To the editor:
I am stubborn. In many ways, when I was accepted into a Flemington family 12 years ago, this made me fit right in. Uncompromising. Loyal. Passionate. These are all things I admire about my wife and her family and are all offshoots of our stubbornness. As the two of us have aged, thankfully, our stubbornness has softened and we have avoided imploding our relationship.
As I spent more time in Flemington and then became a full-time borough resident in 2015, I noticed that these attributes could be extended to many residents of Flemington and Hunterdon County. Now I believe they are doing us a disservice. When I attended the Borough Council meeting last week, I was hoping that there could be some actual discourse and identifying with others. Yet I was appalled by the example set by Mayor Phil Greiner and our Council members. It is part of their duty as elected officials to work for this community. It is their job to lead, but also to listen. Even if Council members wanted to enter into the contract with developer Jack Cust, there were some very realistic and smart points that could have been included as amendments. Why couldn’t the agreement include a clause that returns the liquor license to the borough if development is not completed? What about clarification on the “dollar for dollar” credits Mr. Cust will receive for public works improvements? The formal agreement does not explicitly say what these credits can be used for, but I assume it will be credited towards his PILOTs. The mayor and council members may believe this is obvious from the agreement, but it is not explicitly stated and it is their job to make sure these agreements are explicit and legally sound. Questions regarding these details should not be brushed off or snickered at, but explained thoughtfully and plainly to the public. Then if there is disagreement, at least everyone has the same information to work from.
No one of us has all the answers and so we need discussion and discourse to create better outcomes. I have seen willingness to compromise or accept the redevelopment plan from many who currently oppose the Cust plan, if certain concerns are addressed. Everyone knows there is a need for redevelopment, reinvestment, and revitalization of Flemington. A “larger” project, which encompasses several properties also makes sense to me. Yet the height and overall footprint of the Cust project seems too large for our town.
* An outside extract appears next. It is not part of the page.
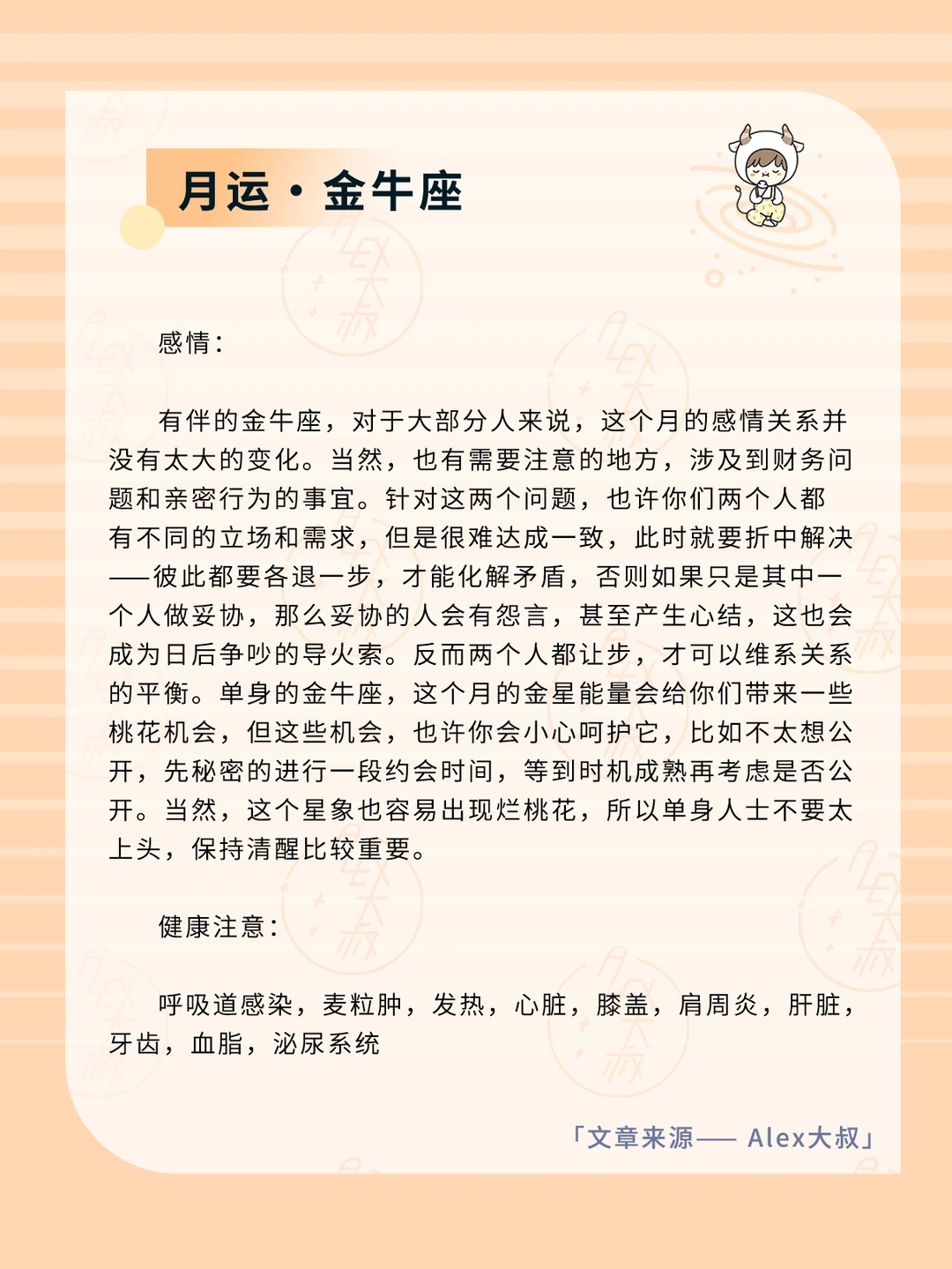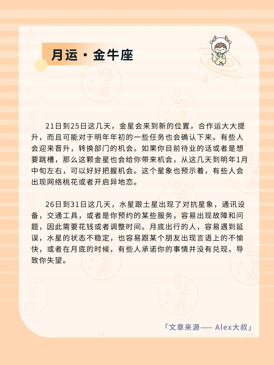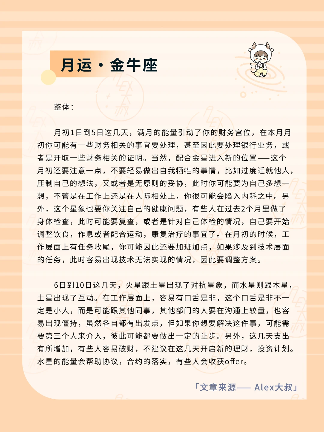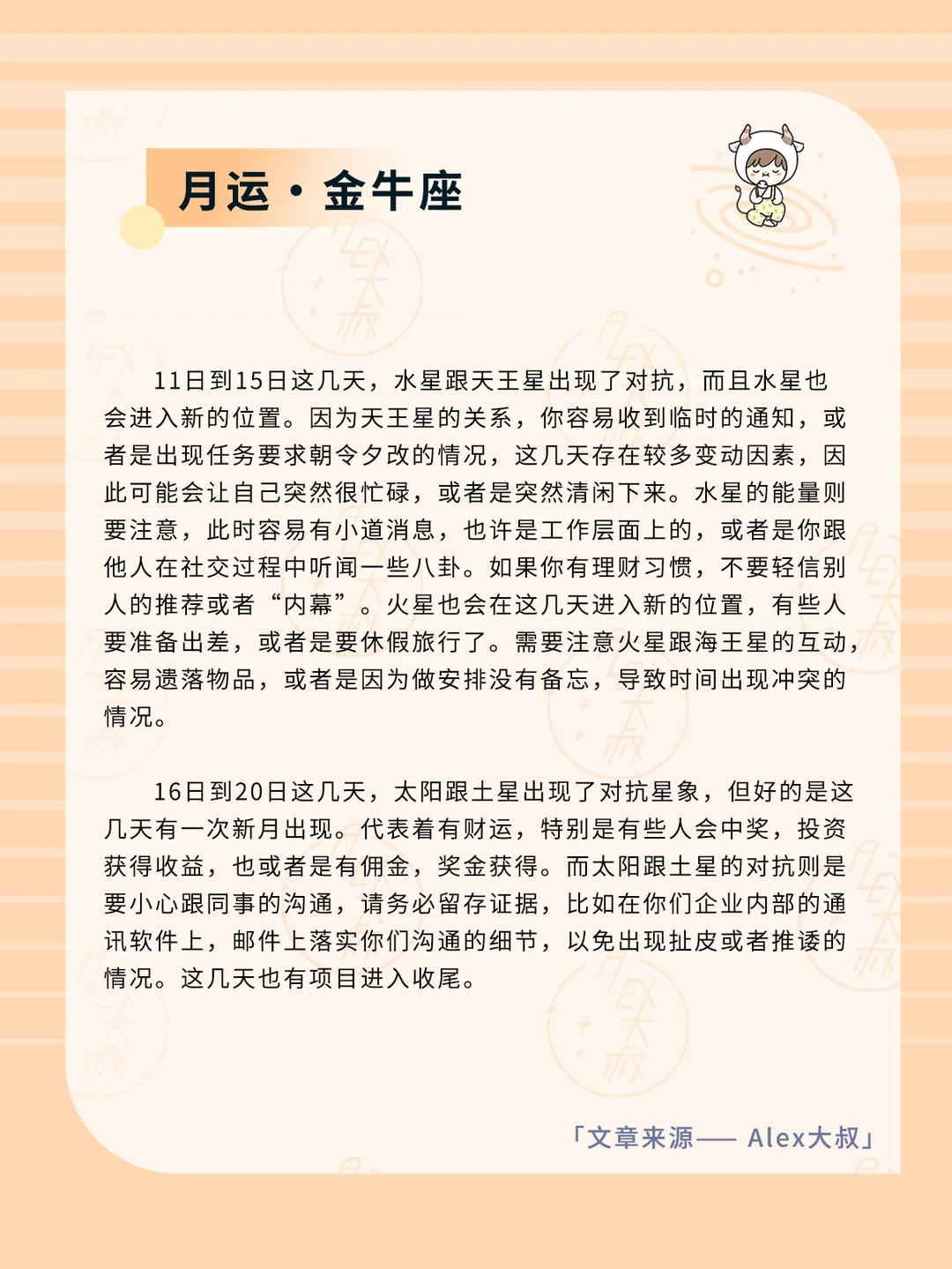 ALEX大叔 我的星座 星座运势 白羊座运势 金牛座运势

Personally, I would love to see the Union Hotel completely restored, but I would accept the preservation of the facade and some key defining features. I recognize that any developer has a myriad of factors to balance and that it is not an easy job. But that is their job and it is our community. Why isn’t the council acknowledging that there are real points of concern with this plan or work to ensure that certain conditions be applied to the agreement? I ask plan supporters, don’t you want the strongest plan, one that can stand up to scrutiny and that is the most likely to succeed? If the plans go through but there is no overall draw to the town and apartments sit empty, then we all lose. The inclusion of green space, entertainment, and/or a historic feel of the buildings would all increase the appeal of the project to Millennials, such as myself.
As the details of the PILOT agreement come together, I beg the council to think through all of the complexities. How much tax revenue is currently being taken in by the properties? How much of this goes to schools? What are high and low income projections for this over the next 30 years? It is also important to remember that even if there will not be a large number of students coming from the redeveloped properties, all property owners pay education taxes because it is in all of our interest to have a strong and educated community. There are also base educational expenses that are not affected by having fewer students. Additionally, what will the impact on streets and public services be? Please share your initial impact studies with the public. Include the cost for improvements in the PILOT agreement.
As a taxpayer, I would love to be able to have a firm number of what my taxes will be for the next 30 years. I understand the desire to have this guarantee as a developer and believe that there is a fair way to create such an agreement. But the services provided to Mr. Cust should not be undervalued. Mayor Greiner and Council members, please seek out the accurate, detailed information on these complex issues, share it with the residents you represent, and respectfully address our concerns.